Database Normalization

Database normalization is the process of structuring data tables in a relational database. The primary purpose of the normalization is to reduce data redundancy and eliminate data anomalies. The normalization process involves decomposing a larger table into smaller, more manageable tables, and then establishing relationships between them. 
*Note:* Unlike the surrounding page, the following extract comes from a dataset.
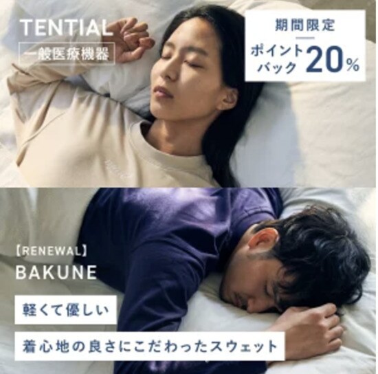 シリーズ累計販売数70万枚(2024年8月時点)の疲労回復パジャマが20%ポイントバックで購入できます!

Normal forms provide a structured series of guidelines for achieving database normalization at specific levels of organization and efficiency:

  • First Normal Form (1NF): Ensures that each column contains atomic (indivisible) values and prohibits arrays in a cell; a table is two-dimensional. Also, each row should be uniquely identified.
  • Second Normal Form (2NF): Extends 1NF by requiring that all non-prime columns (columns not part of the primary key) are fully functionally dependent on the entire primary key.
  • Third Normal Form (3NF): Further builds upon 2NF by eliminating transitive dependencies. This ensures that non-prime columns depend only on the primary key and not on other non-key columns.
  • Boyce-Codd Normal Form (BCNF): Similar to 3NF but stricter, aimed at eliminating structures that could introduce rare logical inconsistencies in the data. It ensures that every non-trivial functional dependency of columns is on a superkey.
  • Forth Normal Form (4NF): Enhances BCNF by addressing certain types of complex multi-valued dependencies that are not handled by 3NF, ensuring every multi-valued dependency is dependent on a superkey.
  • Fifth Normal Form (5NF): 4NF plus every join dependency for the table is a result of the candidate keys. It addresses where certain join dependencies exist that are not covered by other normal forms.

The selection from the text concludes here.